Task requirements: Below are lines of records; copy exactly those from the one containing "Bursa’da sağlık çalışanlarına" through the one containing "王静是水管科的地理信息系统(GIS)管理", leaving the pictures behind.

Extracted entries:
((

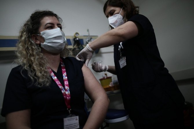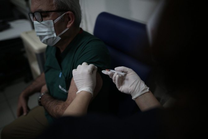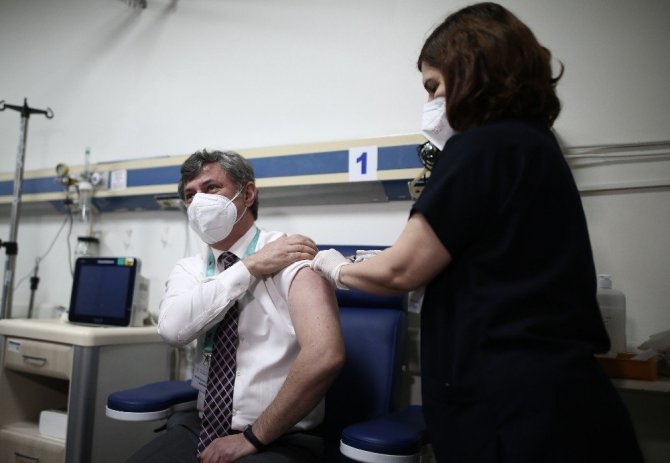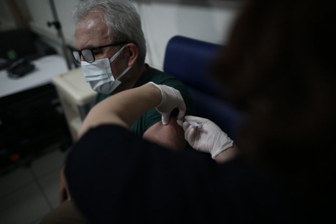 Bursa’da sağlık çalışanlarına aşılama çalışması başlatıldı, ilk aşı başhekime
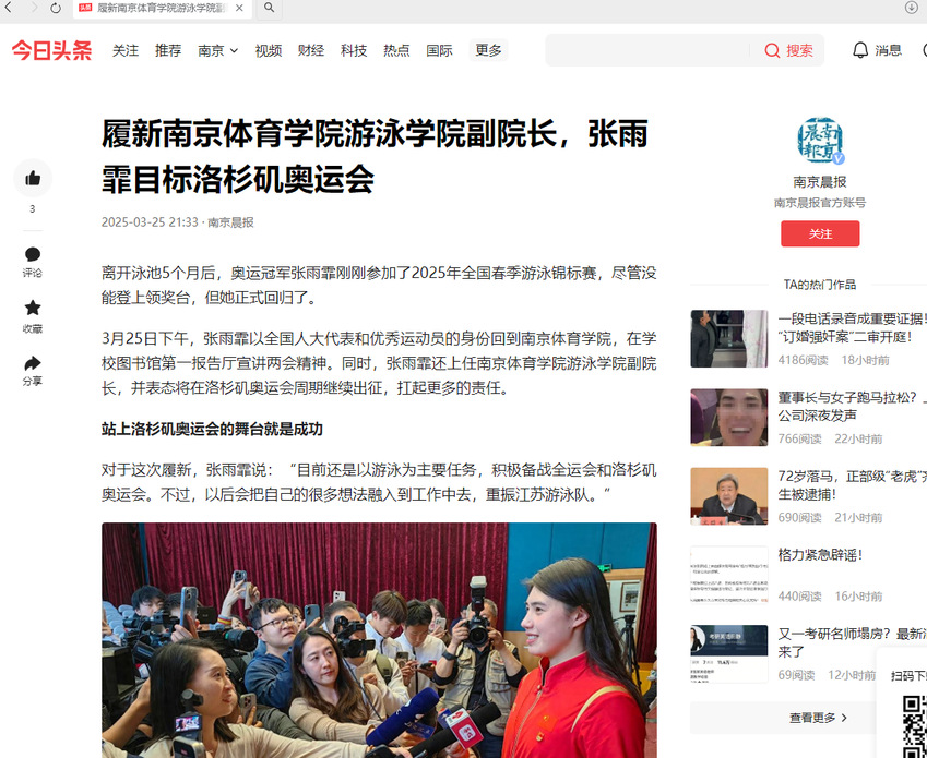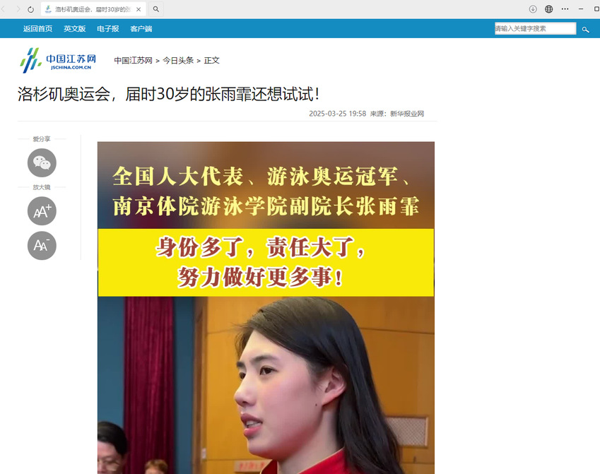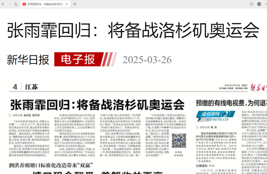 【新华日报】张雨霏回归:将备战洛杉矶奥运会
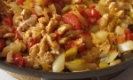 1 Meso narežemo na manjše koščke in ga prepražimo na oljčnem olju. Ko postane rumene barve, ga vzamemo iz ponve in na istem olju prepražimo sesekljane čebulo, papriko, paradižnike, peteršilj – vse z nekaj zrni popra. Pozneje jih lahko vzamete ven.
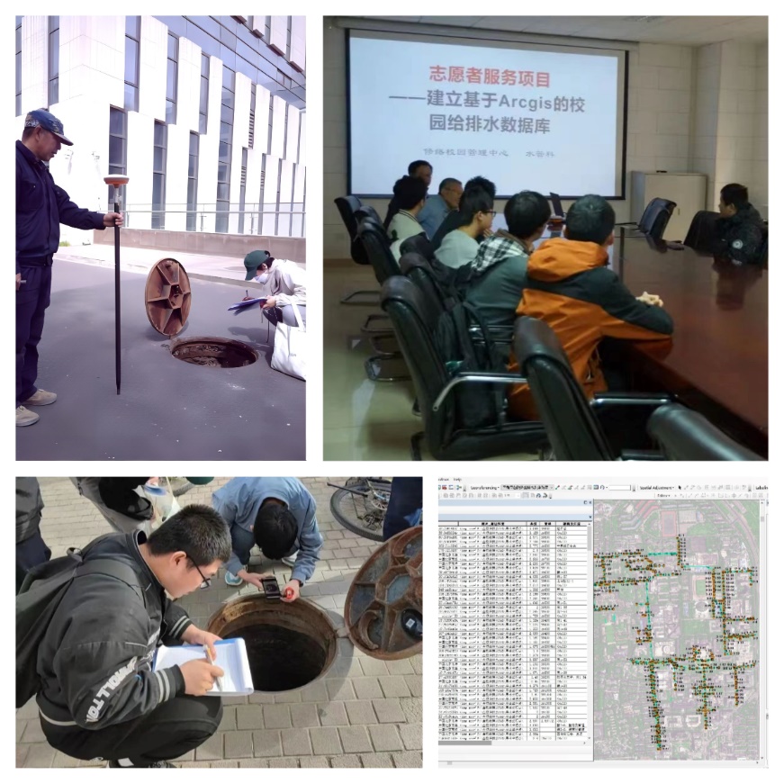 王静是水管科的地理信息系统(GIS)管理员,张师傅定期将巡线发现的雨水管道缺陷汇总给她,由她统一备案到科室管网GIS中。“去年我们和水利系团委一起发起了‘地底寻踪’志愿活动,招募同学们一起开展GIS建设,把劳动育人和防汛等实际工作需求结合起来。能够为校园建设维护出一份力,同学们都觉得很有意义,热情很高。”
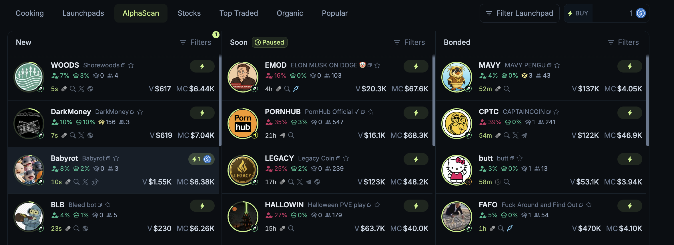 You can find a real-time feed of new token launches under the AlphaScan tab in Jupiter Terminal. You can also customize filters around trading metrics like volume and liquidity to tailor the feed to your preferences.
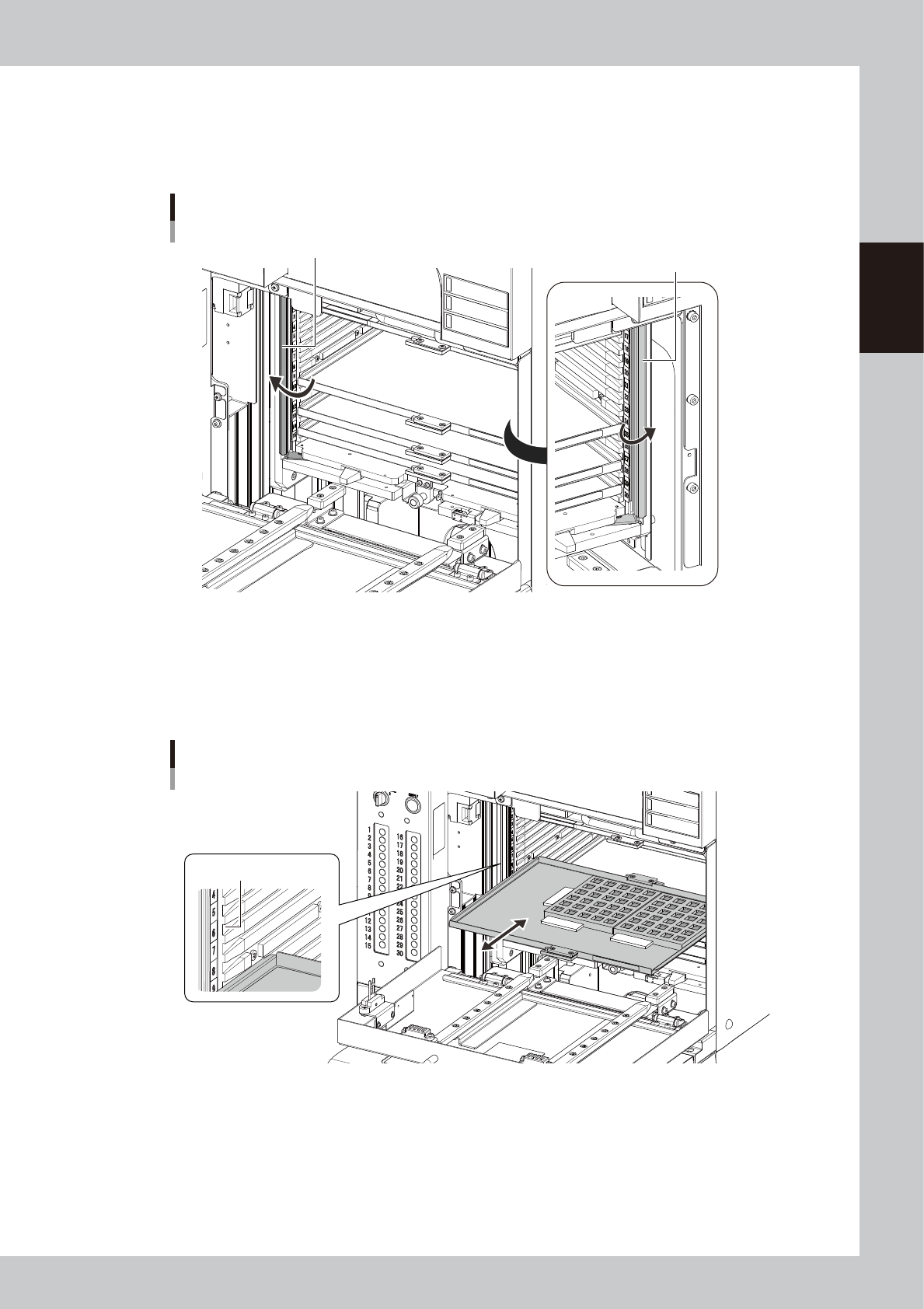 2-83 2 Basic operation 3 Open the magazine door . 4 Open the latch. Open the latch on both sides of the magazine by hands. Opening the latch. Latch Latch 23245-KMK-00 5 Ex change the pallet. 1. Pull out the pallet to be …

))
((

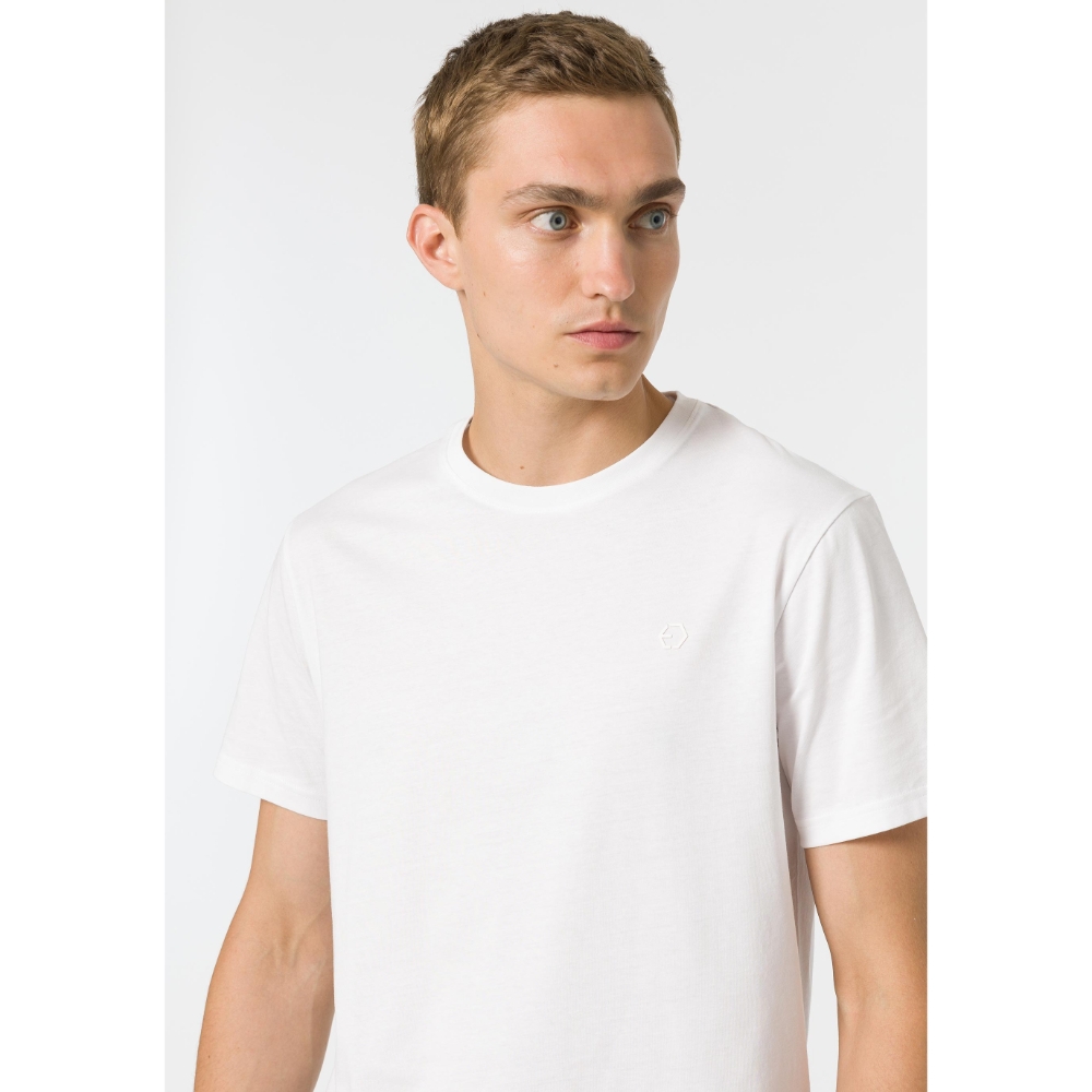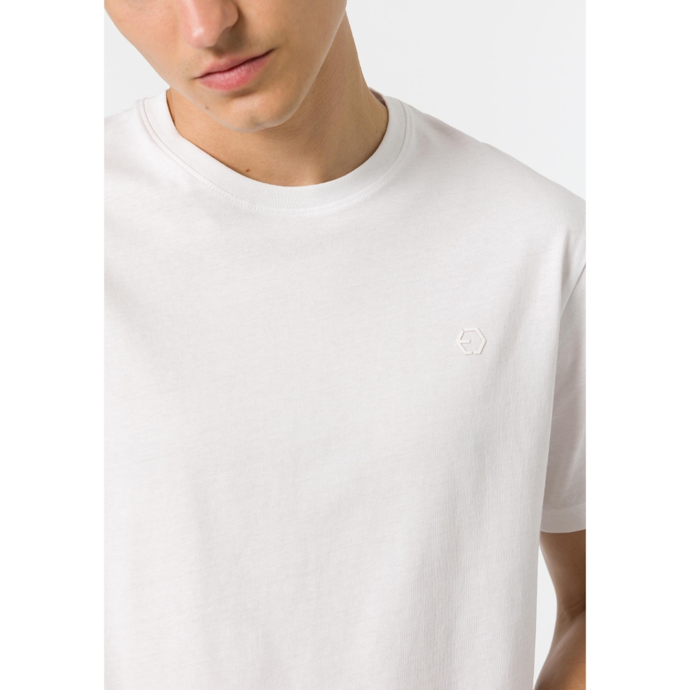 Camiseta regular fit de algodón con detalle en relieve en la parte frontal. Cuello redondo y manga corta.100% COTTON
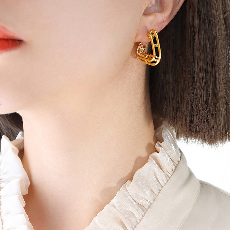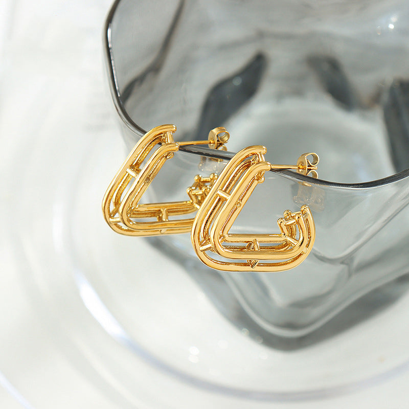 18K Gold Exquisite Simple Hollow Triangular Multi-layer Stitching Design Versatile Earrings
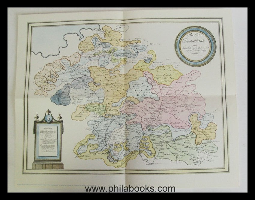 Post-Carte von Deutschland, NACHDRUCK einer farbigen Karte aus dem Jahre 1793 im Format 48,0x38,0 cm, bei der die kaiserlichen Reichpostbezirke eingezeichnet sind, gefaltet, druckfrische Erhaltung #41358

))

Solution:
 Bursa’da sağlık çalışanlarına aşılama çalışması başlatıldı, ilk aşı başhekime
 【新华日报】张雨霏回归:将备战洛杉矶奥运会
 1 Meso narežemo na manjše koščke in ga prepražimo na oljčnem olju. Ko postane rumene barve, ga vzamemo iz ponve in na istem olju prepražimo sesekljane čebulo, papriko, paradižnike, peteršilj – vse z nekaj zrni popra. Pozneje jih lahko vzamete ven.
 王静是水管科的地理信息系统(GIS)管理员,张师傅定期将巡线发现的雨水管道缺陷汇总给她,由她统一备案到科室管网GIS中。“去年我们和水利系团委一起发起了‘地底寻踪’志愿活动,招募同学们一起开展GIS建设,把劳动育人和防汛等实际工作需求结合起来。能够为校园建设维护出一份力,同学们都觉得很有意义,热情很高。”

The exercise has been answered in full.